I have crafted two separate diagrams (attached below) for your reference, hopefully that will clarify matters.
Best Regards,
Mr Koh
Posted by White Group Mathematics on September 28, 2016 at 4:50 AM | comments (1) |
Hi Mr Koh,
I chanced upon your website online and I'd really like to engage you as my private tutor. I'm currently a JC2 student studying in SAJC. I know this is very last minute, but I really do need the help; in summary, I've tried really hard to work on my Math, however I really don't see any improvements in my grades and I feel like I need someone to tutor me over this last month.
I'm currently living at MacPherson, near Taiseng MRT station and I'm willing to meet outside my home if it is more convenient for you. I will understand if you are completely packed and cannot accommodate any more students. Apologies for this late message. Please get back to me soon-thank you and have a nice day!
Student X
Hi,
Thank you for your message. Firstly, if you work with me, bear in mind I cannot produce short term miracles and more than a fair bit of effort has to be invested on your part to secure a reasonably positive outcome at the A Levels. Secondly, while commuting to your residence isn't an issue, I am pretty swarmed right now, so please undersand it is only fair I accord priority to my existing students schedule-wise.
Thirdly, kindly note that a fee premium will be charged for extremely last minute engagements. If you still sincerely wish to set things in motion, give me a holler and we will take it from there. Peace.
Best Regards,
Mr Koh
Posted by White Group Mathematics on August 26, 2016 at 2:25 AM | comments (0) |
Hi Mr Koh,
I can't seem to get around this problem, could you please help?
Student X
Gradient of the line = -4/3 by rewriting its equation in the form y=mx+c. As such, it is as good as saying that for every 1 unit one moves in the x direction, it also has to move -4/3 units in the y direction. This general movement is hence represented by i - 4/3j.

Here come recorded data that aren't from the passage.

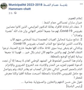 وجددت الدعوة لمتساكني المنطقة إلى ضرورة المكوث بمنازلهم والمزيد من الحذر والإنتباه عند الخروج الضروري والإلتزام التام بالحجر الصحي الذاتي.
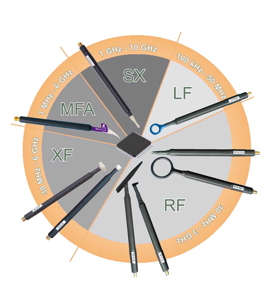 四、近場測試起點:近場分析的初衷是要得到一個理想的磁場分布,這非常必要。 RF-R400、RF-R3、RF-R0.3、RF-R50和MFA-R0.2 磁場探頭特別適合這個應用。近場測試使其成為可能:
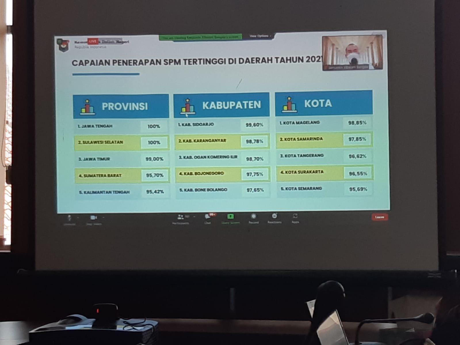 Dalam kesempatan tersebut juga disampaikan 5 Provinsi, Kabupaten dan Kota yang meraih capaian SPM tertinggi. Dalam hal ini, Kabupaten Ogan Komering Ilir menempati posisi ketiga dengan capaian 98,70 persen. (Romi)

Since OA is parallel to the line, then we say vector OA= k (i - 4/3j) , where k is a real valued constant. Given the magnitude of vector OA is 20 units, we can further surmise that k √ [ 1² + (-4/3)² ] = 20, solving this gives k=12 or -12. Thus vector OA= 12 (i - 4/3j) =12i -16j or -12 (i - 4/3j) = -12i+16j (shown)
Hope this helps. Peace.
Best Regards,
Mr Koh
Posted by White Group Mathematics on February 13, 2016 at 9:05 PM | comments (0) |
I am having considerable difficulty grappling with this OCR problem. Could you kindly assist?
Student X
Worked it out for you, hope it helps. Peace.
Best Regards,
Mr Koh
Posted by White Group Mathematics on February 2, 2016 at 6:00 AM | comments (0) |
I was given some basic calculus revision questions to do for an undergrad module, but since there's nothing new in them, so I decided to give these questions an A-level tag. I've been working on them for a while now, but I'm stuck at this. Any help would be appreciated; I'm not particularly bothered if you want to post the answers as it's not an assessed homework, and I'm starting to get tired of these.
Student X
Please find the integral worked out as follows. Hope it helps. Peace.
Best Regards,
Mr Koh
Posted by White Group Mathematics on January 24, 2016 at 11:50 AM | comments (0) |
Sales of cooking oil bought in a shop during a week follow a Poisson distribution with mean 100. How many units should be kept in stock to be at least 99% certain that supply will be able to meet demand? Use normal approximation to Poisson distribution, if appropriate.
I have already approximated the distribution to Y ~ N (100, 100). Then, I have tried to use P(Y>y) = 0.99 . That didn't work so I'm trying to use P( Y = y) = 0.99. However, with this, I'm stuck with P [ (y-100.5)/10 < Z < (y - 99.5)/10] = 0.99
The correct answer is 123. Please help.
Student X
You kinda got your understanding of stuff mixed up. Firstly, recognize that it is the demand that varies, not the supply. It is the amount demanded that follows a Poisson distribution, which is subsequently approximated to that of a normal distribution.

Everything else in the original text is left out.